CORS allowed origins
The CORS (Cross-origin resource sharing) allowed origins are a list of permitted origins from which an application can make requests to the Logto service. Any origin that is not included in the allowed list will not be able to make requests to the Logto service.
The CORS allowed origins list is used to restrict access to the Logto service from unauthorized domains, and to help prevent cross-site request forgery (CSRF) attacks. By specifying the allowed origins for an application in Logto, the service can ensure that only authorized domains are able to make requests to the service.
The allowed origins list should contain the origin where the application will be served. This ensures that requests from the application are allowed, while requests from unauthorized origins are blocked.
OpenID provider configuration endpoint
The endpoint for OpenID Connect Discovery.
Authorization endpoint
Authorization Endpoint is an OIDC term, and it is a required endpoint that is used to initiate the authentication process for a user. When a user attempts to access a protected resource or application hat has been registered with the Logto platform, they will be redirected to the Authorization Endpoint to authenticate their identity and obtain authorization to access the requested resource.
You can check out the Authorization Endpoint for more information.
Token endpoint
Token Endpoint is an OIDC term, it is a web API endpoint that is used by an OIDC client to obtain an access token, an ID token, or a refresh token from an OIDC provider.
When an OIDC client needs to obtain an access token or ID token, it sends a request to the Token Endpoint with an authorization grant, which is typically an authorization code or a refresh token. The Token Endpoint then validates the authorization grant and issues an access token or ID token to the client if the grant is valid.
You can check out the Token Endpoint for more information.
Userinfo endpoint
The OpenID Connect UserInfo Endpoint.
Always issue refresh token
Availability: Traditional web, SPA
When enabled, Logto will always issue refresh tokens, regardless of whether prompt=consent
is presented in the authentication request, nor offline_access
is presented in the scopes.
However, this practice is discouraged unless necessary (usually it's useful for some third-party OAuth integrations that require refresh token), as it is not compatible with OpenID Connect and may potentially cause issues.
Rotate refresh token
Default: true
When enabled, Logto will issue a new refresh token for token requests under the following conditions:
- If the refresh token has been rotated (have its TTL prolonged by issuing a new one) for one year; OR
- If the refresh token is close to its expiration time (>=70% of its original Time to Live (TTL) passed); OR
- If the client is a public client, e.g. Native application or single page application (SPA).

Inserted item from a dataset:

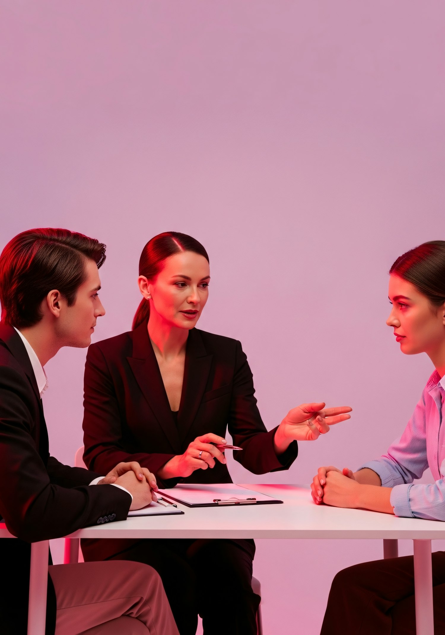Three professionals engaged in a discussion at a table, set against a modern pink gradient background.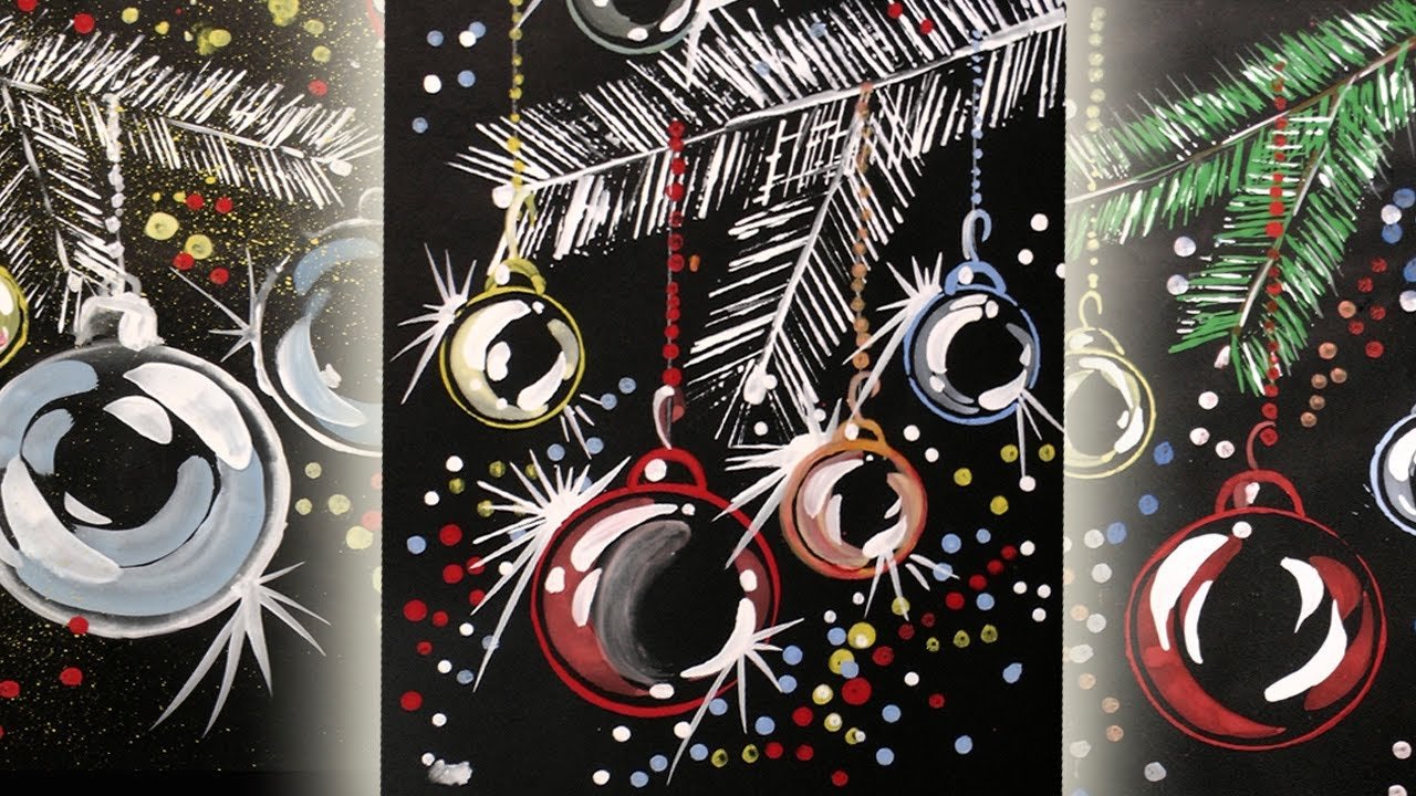 ![Рисование красками ёлочные шары]()

For public clients, when this feature is enabled, a new refresh token will always be issued when the client is exchanging for a new access token using the refresh token. Although you can still turn off the feature for those public clients, it is highly recommended to keep it enabled for security reasons.
Refresh token time-to-live (TTL) in days
Availability: Not SPA; Default: 14 days
The duration for which a refresh token can be used to request new access tokens before it expires and becomes invalid. Token requests will extend the TTL of the refresh token to this value.
Typically, a lower value is preferred.
Note: TTL refreshment is unavailable in SPA (single page app) for security reasons. This means Logto will not extend the TTL through token requests. To enhance the user experience, you can enable the "Rotate refresh token" feature, allowing Logto to issue a new refresh token when necessary.
Backchannel logout URI
The OpenID Connect backchannel logout endpoint. See Federated sign-out: Back-channel logout for more information.
Custom data
Additional custom application info not listed in the pre-defined application properties, users can define their own custom data fields according to their specific needs, such as business-specific settings and configurations.